Material and methods: A total of 62 patients (34 male and 28 female) with Spetzler-Martin grade 3 (n=44) and grade 4 (n=18) AVMs were examined. Thirty-seven patients were treated with a combination of microsurgery + embolization, whereas 25 patients were treated with microsurgery alone. The clinical characteristics of the treatment groups were compared (ruptured/unruptured, eloquent/non-eloquent, modified Rankin scores, duration of surgery, preoperative and postoperative hemoglobin levels, and use of blood products).

Results: The number of patients with ruptured or eloquently localized AVMs was more in combination of microsurgery + embolization. On the other hand, the duration, preoperative versus postoperative hemoglobin levels, and usage of blood products did not differ between treatment groups.

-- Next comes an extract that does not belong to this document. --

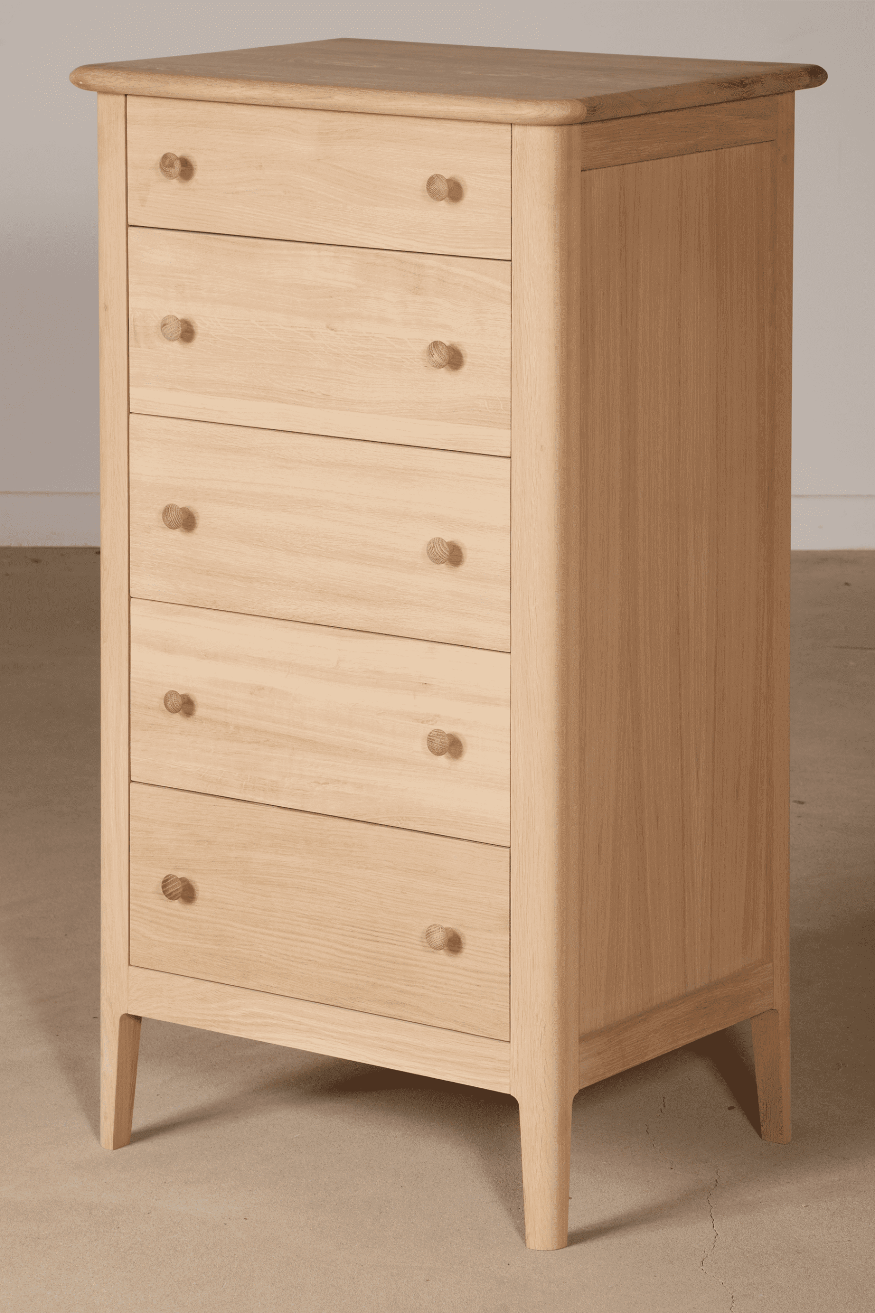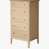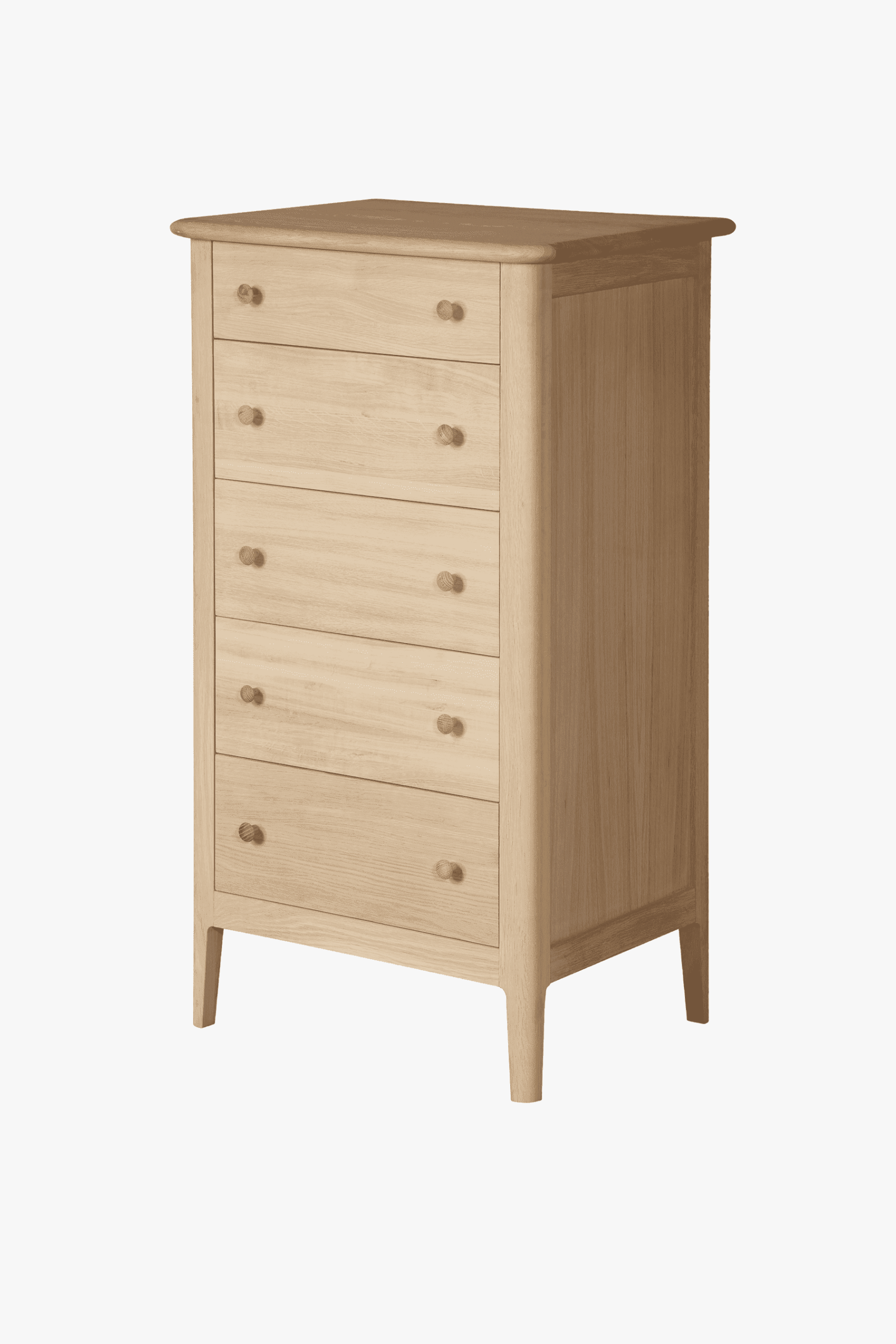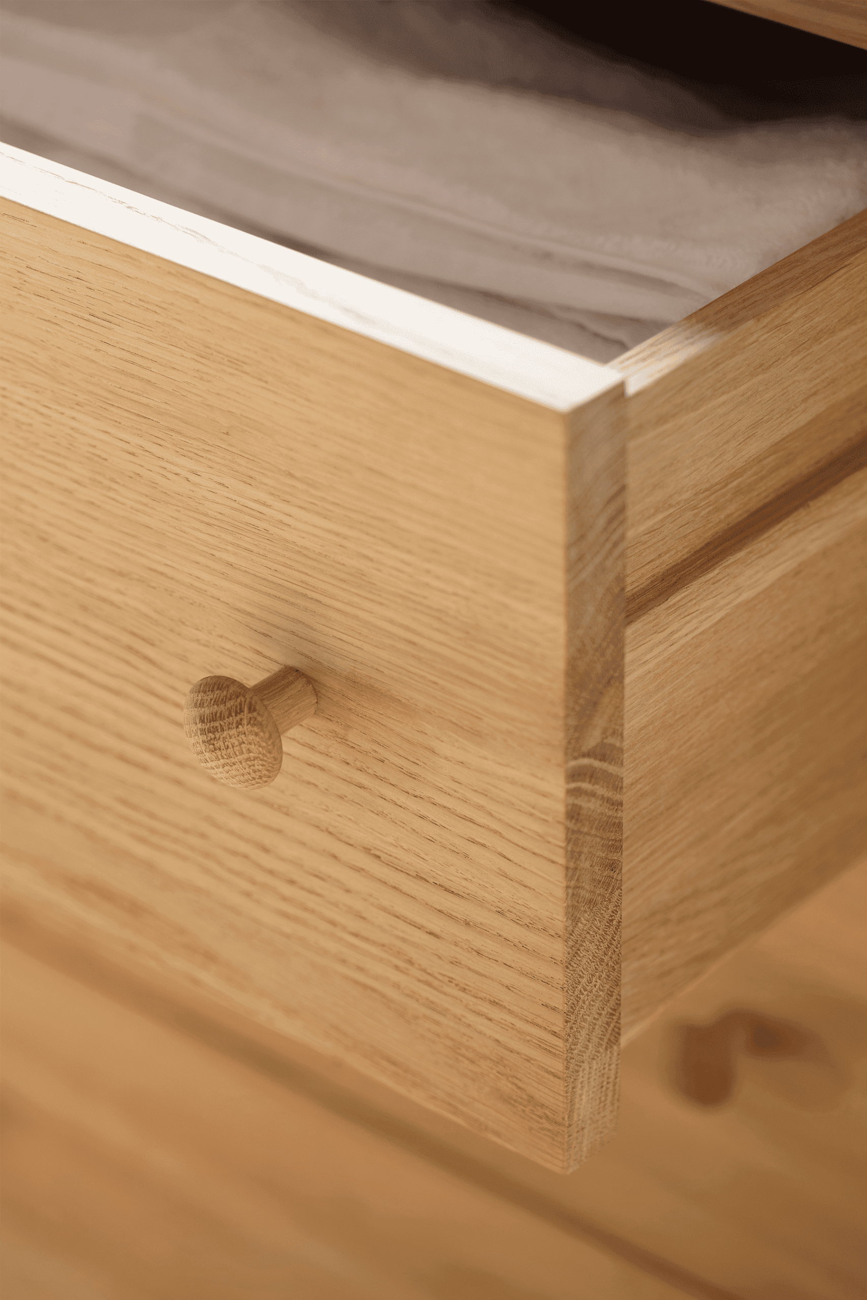 The Hudson collection by Qualita combines clean, lithe lines with a fresh shape and effortless curves, yet all the while hinting at the presence and strength within it’s core, formed from an abundance of solid, ‘A’ grade European oak. With a nod to the zenith of Scandinavian design, the soft radius of the tops follow through the framework, lending each piece a relaxed air, and a subtlety so often absent in a world where chunkiness is all too present. Gentle tapering of the legs allow the cabinets to sit gracefully from the ground, underlining this design’s modish look, and accentuating the refined profile. Featured here in ‘Soaped Oak’ – durable and easy to care for, this option retains the pure, smooth feel of natural wood, while providing a finish practical for today’s lifestyles. Light handles rest in perfect proportion on doors and drawers to compose a fluid aspect, and finishing an uncluttered, elegant style which fuses the beauty of natural oak with the essence of contemporary design, in a range to complement many of today’s interior schemes. Ideal for maximising storage in awkward room spaces, and adding interest and varied height through an interior scheme. Combination of standard size drawer and 4 deep drawers offers flexibility and interest to front profile. Solid oak and veneers throughout all construction. Tapered legs offer height and space lending a light look while still retaining generous storage options.

Conclusion: The results of the study showed no superiority of the combined treatment in managing AVMs in parallel to recent meta-analyses. However, a patient-tailored approach is recommended while making the treatment decision for such challenging intracerebral AVM cases.

脑动静脉畸形的外科治疗:术前栓塞的作用。
目的:脑动静脉畸形(AVMs)的最佳治疗方法仍存在争议。显微外科手术和血管内栓塞可以单独使用,也可以组合使用。然而,每一种模式都有其自身的风险。在本研究中,我们比较了单纯显微外科手术与显微外科+栓塞联合治疗动静脉畸形的结果。材料和方法:共招募了62名患者(34名男性,28名女性),他们患有Spetzler&Martin 3级(n=44)和4级(n=18)动静脉畸形。其中显微外科+栓塞联合治疗37例,单纯显微外科治疗25例。比较了他们的临床特征(破裂/未破裂、口才、改良兰金评分、手术持续时间、术前和术后血红蛋白水平、血液制品的使用)。结果:采用联合入路治疗的AVM破裂或明显局限的患者数量较多。手术持续时间、术前和术后血红蛋白水平以及血液制品的使用在联合入路和单独显微外科之间没有差异。结论:由于存在深静脉引流或病灶大小,定位明确的AVMs可能具有更高的手术风险,因此更优选联合治疗。联合入路与单一入路选择的其他差异与病变解剖生理学无关。相反,我们认为联合治疗在我们最初的临床实践中更合适,并相应地规划了我们的临床策略。尽管如此,现在,与最近的荟萃分析相比,我们没有发现联合治疗在AVMs管理方面的优越性。因此,在AVMs的治疗中,手术前栓塞通常是不可取的,但在患者定制的方法中应考虑一些例外情况。
本文章由计算机程序翻译,如有差异,请以英文原文为准。